Information given:
┄┄┄┄┄┄┄┄┄┄

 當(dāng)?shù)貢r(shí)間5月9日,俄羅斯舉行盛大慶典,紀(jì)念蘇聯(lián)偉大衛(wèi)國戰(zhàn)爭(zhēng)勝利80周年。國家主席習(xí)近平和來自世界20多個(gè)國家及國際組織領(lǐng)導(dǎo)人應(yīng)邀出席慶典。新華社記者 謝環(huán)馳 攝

┄┄┄┄┄┄┄┄┄┄

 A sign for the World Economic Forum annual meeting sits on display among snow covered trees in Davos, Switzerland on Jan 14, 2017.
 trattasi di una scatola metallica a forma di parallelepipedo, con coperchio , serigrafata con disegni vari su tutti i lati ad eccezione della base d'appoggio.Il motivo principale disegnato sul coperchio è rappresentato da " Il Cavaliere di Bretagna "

┄┄┄┄┄┄┄┄┄┄

About this task:
Among the entries above, locate the lines containing "A sign for the" and "trattasi di una", and transcribe exactly those two lines and all lines between.

Response:
 A sign for the World Economic Forum annual meeting sits on display among snow covered trees in Davos, Switzerland on Jan 14, 2017.
 trattasi di una scatola metallica a forma di parallelepipedo, con coperchio , serigrafata con disegni vari su tutti i lati ad eccezione della base d'appoggio.Il motivo principale disegnato sul coperchio è rappresentato da " Il Cavaliere di Bretagna "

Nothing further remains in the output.